At the beginning of the article, it is said that RMQ borrows the idea of Kafka, but also breaks the design of Kafka in the underlying storage.

There is only one file about message storage in Kafka, called Partition (regardless of refinement Segment), which fulfills the common responsibility of Commit Log and Consume Queue in RMQ, that is, it splits storage logically to improve consumption parallelism, and stores the real message content internally.

This looks perfect, no matter for Producer or Consumer, a single Partition file is sequential IO in normal sending and consumption logic, making full use of the huge performance improvement brought by Page Cache, but in case there are a lot of Topic, each Topic is divided into N Partition, then for OS, the sequential read and write of so many files becomes random read and write when concurrently.

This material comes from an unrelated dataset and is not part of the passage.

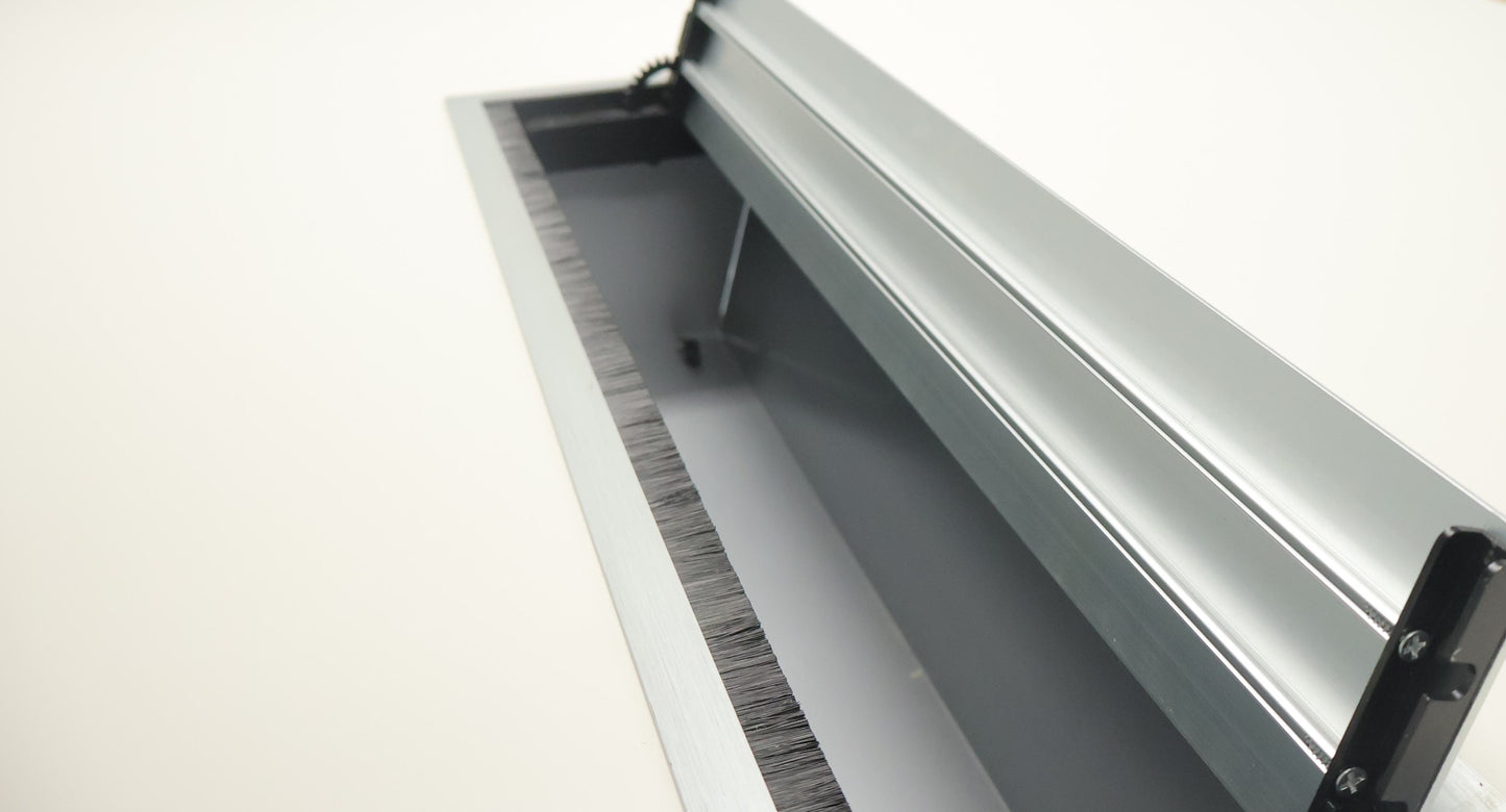 Kabellukens mekanisme er litt hardere å åpne enn normalt, men fungerer fint. Det er et bruksmerke i form av et hakk i bordplaten. Dette påvirker ikke funksjonalitet. Helhetlig i god stand.

At this time, I do not know why, I suddenly thought of the game "hit the gopher". For each hole, the gophers I play are always in order, but if there are 10000 holes, you are the only one to play, and countless gophers come and go in and out of each hole at random, and the students make up the scene.

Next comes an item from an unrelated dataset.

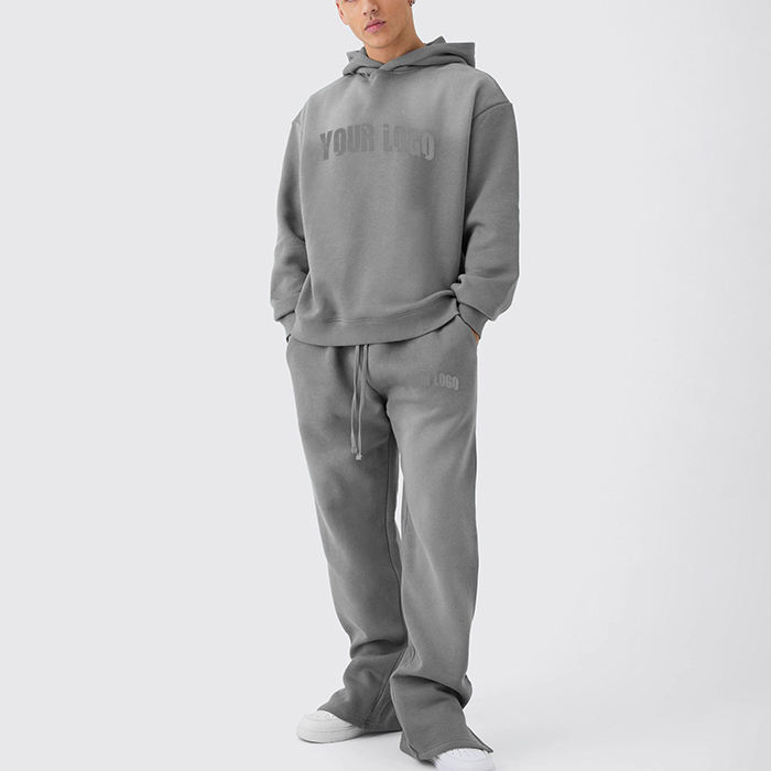 ชุดกีฬาผู้ชายแบบสั่งทำพิเศษ พิมพ์ลายสองชิ้น เสื้อฮู้ดสีเทาและกางเกงขายาวทรงตรงสำหรับออกกำลังกาย

Of course, students with good ideas immediately found that RMQ Consume Queue is not similar to Kafka in the case of a very large queue, although each file is a sequential IO, but the whole is a random IO. Don't forget that the Consume Queue of RMQ does not store the contents of messages, and any message takes up only 20 Byte, so files can be controlled very small, and most of the access is Page Cache access, not disk access. Formal deployment can also place Commit Log and Consume Queue on different physical SSD, avoiding IO competition for multiple types of files.

Said it was in the back.

For more wonderful articles, please follow my official Wechat account: Eric's technology.

Welcome to subscribe "Shulou Technology Information " to get latest news, interesting things and hot topics in the IT industry, and controls the hottest and latest Internet news, technology news and IT industry trends.

*The comments in the above article only represent the author's personal views and do not represent the views and positions of this website. If you have more insights, please feel free to contribute and share.